RECORDS TO USE:
****************

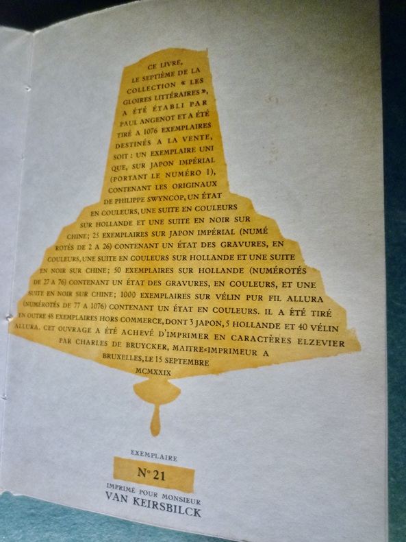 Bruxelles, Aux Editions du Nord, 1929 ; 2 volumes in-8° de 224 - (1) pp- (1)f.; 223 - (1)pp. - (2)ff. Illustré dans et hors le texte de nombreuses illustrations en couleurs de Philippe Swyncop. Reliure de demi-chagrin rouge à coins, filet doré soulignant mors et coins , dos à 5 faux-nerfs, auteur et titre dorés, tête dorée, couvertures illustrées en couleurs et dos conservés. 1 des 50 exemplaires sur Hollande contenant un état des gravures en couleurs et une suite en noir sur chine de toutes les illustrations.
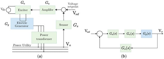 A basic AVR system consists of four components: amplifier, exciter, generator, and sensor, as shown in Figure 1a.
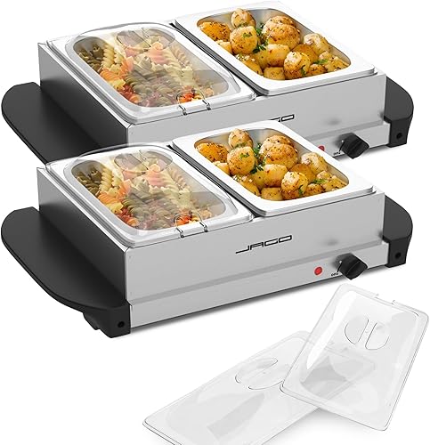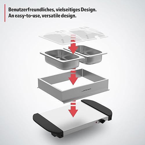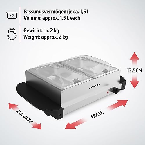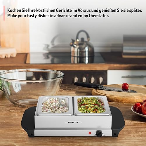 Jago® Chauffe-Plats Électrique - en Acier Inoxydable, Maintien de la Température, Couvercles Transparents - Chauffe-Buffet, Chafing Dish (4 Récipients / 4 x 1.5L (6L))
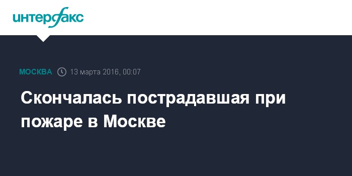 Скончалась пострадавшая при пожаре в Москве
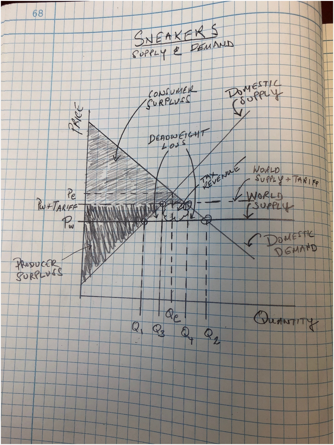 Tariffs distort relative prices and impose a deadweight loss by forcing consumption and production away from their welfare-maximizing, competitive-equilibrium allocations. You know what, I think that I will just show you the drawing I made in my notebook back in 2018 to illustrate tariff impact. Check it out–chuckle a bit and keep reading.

****************

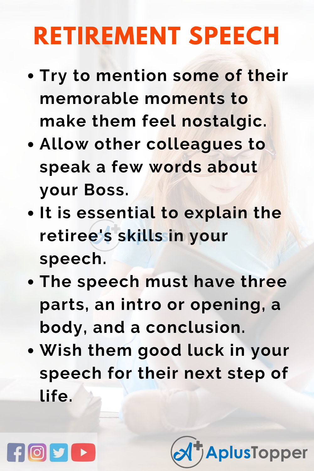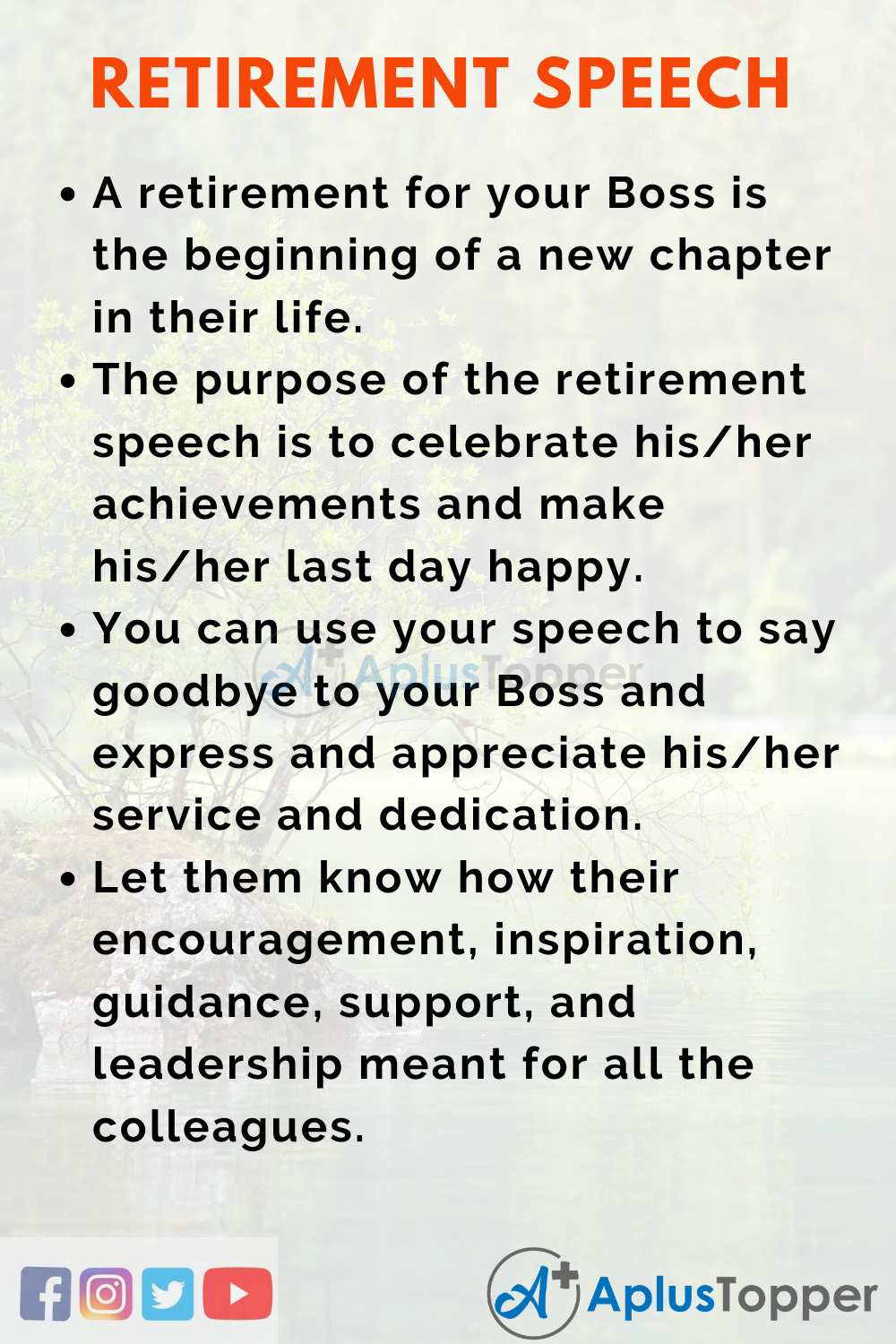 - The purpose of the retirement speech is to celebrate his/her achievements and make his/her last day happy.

****************

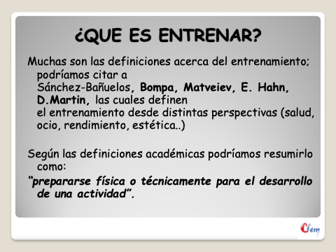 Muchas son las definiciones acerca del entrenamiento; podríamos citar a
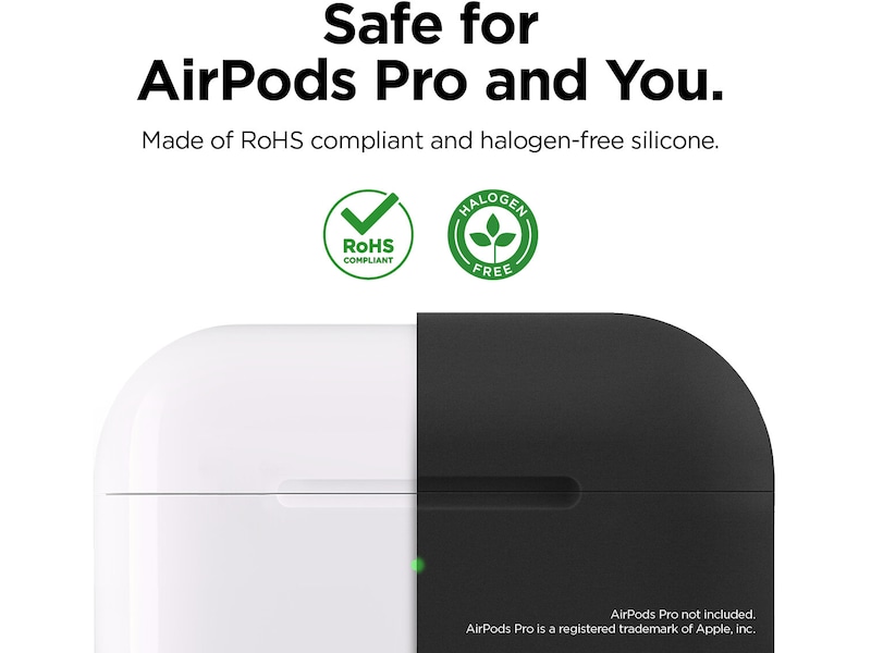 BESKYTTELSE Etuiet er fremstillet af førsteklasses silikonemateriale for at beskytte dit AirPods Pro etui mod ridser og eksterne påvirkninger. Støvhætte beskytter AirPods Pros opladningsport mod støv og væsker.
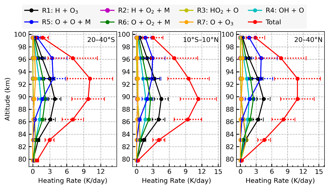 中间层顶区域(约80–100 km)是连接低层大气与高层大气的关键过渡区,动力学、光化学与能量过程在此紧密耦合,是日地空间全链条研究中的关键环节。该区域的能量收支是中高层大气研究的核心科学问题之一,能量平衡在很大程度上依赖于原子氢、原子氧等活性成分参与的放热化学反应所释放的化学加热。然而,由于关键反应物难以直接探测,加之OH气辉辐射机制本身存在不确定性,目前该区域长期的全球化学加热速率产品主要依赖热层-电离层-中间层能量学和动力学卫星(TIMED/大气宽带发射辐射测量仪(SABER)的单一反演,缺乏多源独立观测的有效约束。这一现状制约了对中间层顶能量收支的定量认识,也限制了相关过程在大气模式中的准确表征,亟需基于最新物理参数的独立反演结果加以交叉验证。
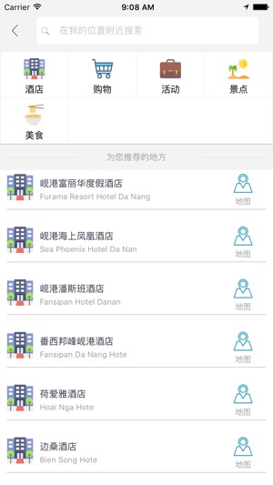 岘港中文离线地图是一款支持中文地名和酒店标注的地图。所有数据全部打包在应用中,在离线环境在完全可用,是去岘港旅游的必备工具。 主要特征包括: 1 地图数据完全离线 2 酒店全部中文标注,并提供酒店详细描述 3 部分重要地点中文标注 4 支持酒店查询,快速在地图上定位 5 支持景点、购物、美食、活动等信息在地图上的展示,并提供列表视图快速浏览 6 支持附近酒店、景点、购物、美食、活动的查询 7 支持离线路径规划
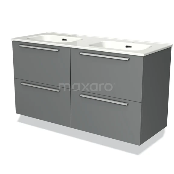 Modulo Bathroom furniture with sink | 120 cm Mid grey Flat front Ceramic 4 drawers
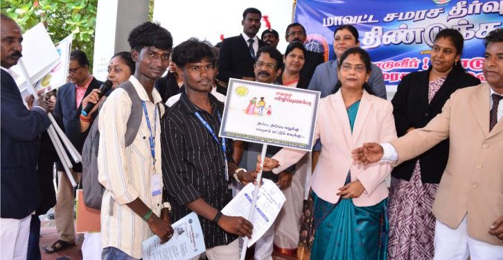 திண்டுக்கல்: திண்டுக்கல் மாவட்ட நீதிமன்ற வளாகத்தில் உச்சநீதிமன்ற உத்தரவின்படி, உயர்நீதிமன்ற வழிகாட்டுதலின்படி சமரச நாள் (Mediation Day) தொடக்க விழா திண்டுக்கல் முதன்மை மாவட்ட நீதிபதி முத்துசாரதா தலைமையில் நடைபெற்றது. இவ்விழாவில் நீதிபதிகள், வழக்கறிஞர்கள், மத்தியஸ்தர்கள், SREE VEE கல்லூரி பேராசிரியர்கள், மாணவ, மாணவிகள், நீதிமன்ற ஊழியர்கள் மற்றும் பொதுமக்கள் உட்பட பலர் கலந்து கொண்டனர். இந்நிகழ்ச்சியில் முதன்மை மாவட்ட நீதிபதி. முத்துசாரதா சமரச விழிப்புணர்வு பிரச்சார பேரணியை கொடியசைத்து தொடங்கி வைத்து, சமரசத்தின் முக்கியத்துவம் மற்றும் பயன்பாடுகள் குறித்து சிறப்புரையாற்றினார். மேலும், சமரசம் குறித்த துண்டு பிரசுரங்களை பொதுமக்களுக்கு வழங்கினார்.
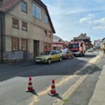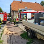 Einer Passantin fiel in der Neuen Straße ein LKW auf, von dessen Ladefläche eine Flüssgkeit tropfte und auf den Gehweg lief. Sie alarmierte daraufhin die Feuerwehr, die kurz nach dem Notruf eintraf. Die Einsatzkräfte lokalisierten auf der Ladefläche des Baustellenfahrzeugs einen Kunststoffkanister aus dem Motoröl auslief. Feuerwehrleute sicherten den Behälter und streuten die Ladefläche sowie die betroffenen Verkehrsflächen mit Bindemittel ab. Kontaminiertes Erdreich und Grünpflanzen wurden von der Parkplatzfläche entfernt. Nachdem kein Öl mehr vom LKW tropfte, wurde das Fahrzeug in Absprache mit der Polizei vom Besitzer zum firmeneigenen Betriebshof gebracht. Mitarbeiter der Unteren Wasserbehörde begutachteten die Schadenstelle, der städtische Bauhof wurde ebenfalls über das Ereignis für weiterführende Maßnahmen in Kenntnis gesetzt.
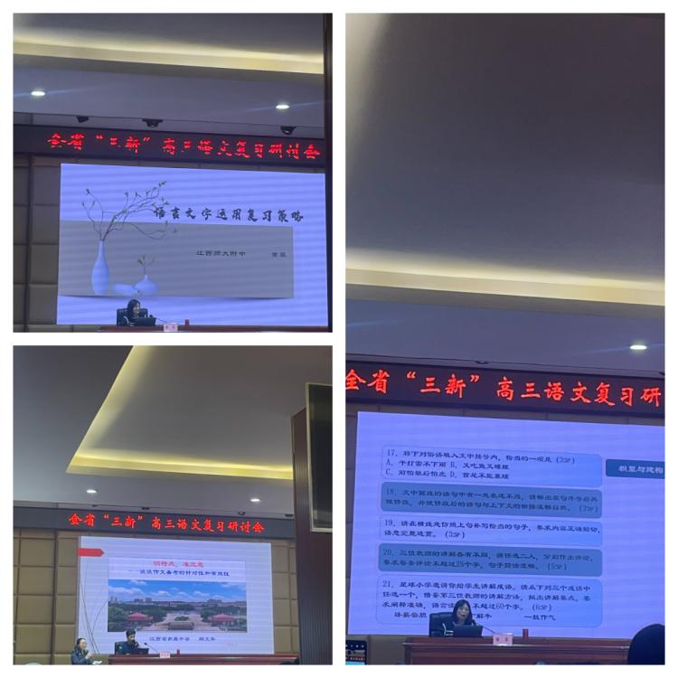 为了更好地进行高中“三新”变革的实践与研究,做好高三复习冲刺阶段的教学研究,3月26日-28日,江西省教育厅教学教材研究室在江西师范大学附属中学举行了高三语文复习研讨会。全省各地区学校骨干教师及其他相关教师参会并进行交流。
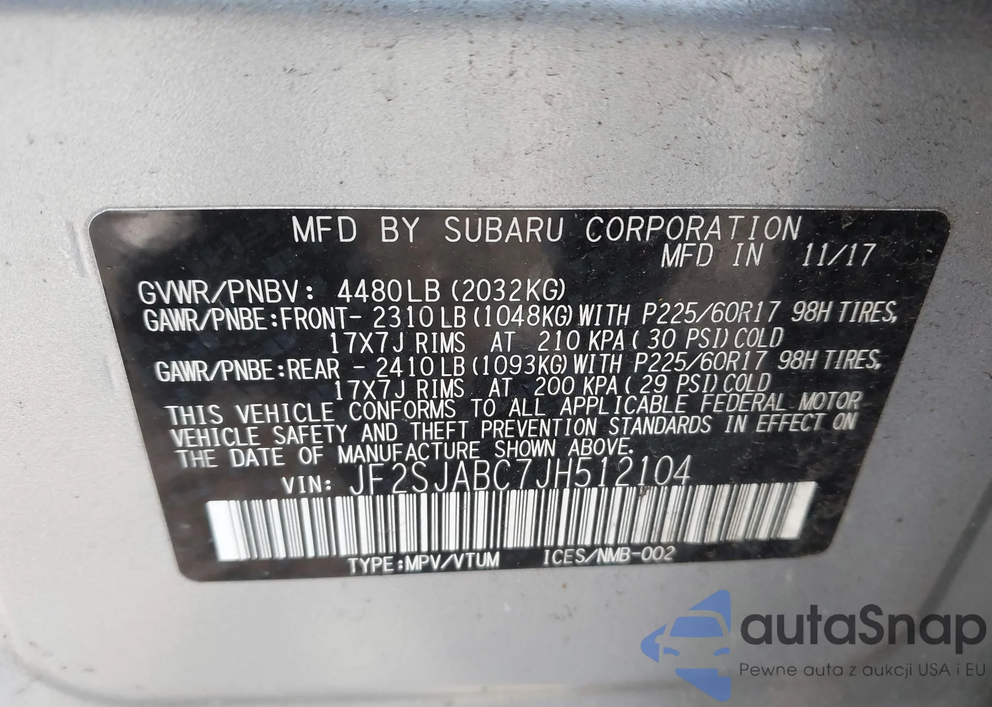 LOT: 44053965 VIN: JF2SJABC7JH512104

****************

PROBLEM STATEMENT: Using the data above, retype exactly the lines from the line with "A basic AVR" to the line with "Скончалась пострадавшая при пожаре в Москве", inclusive. No pictures and nothing else.

RESPONSE TO THE TASK:
 A basic AVR system consists of four components: amplifier, exciter, generator, and sensor, as shown in Figure 1a.
 Jago® Chauffe-Plats Électrique - en Acier Inoxydable, Maintien de la Température, Couvercles Transparents - Chauffe-Buffet, Chafing Dish (4 Récipients / 4 x 1.5L (6L))
 Скончалась пострадавшая при пожаре в Москве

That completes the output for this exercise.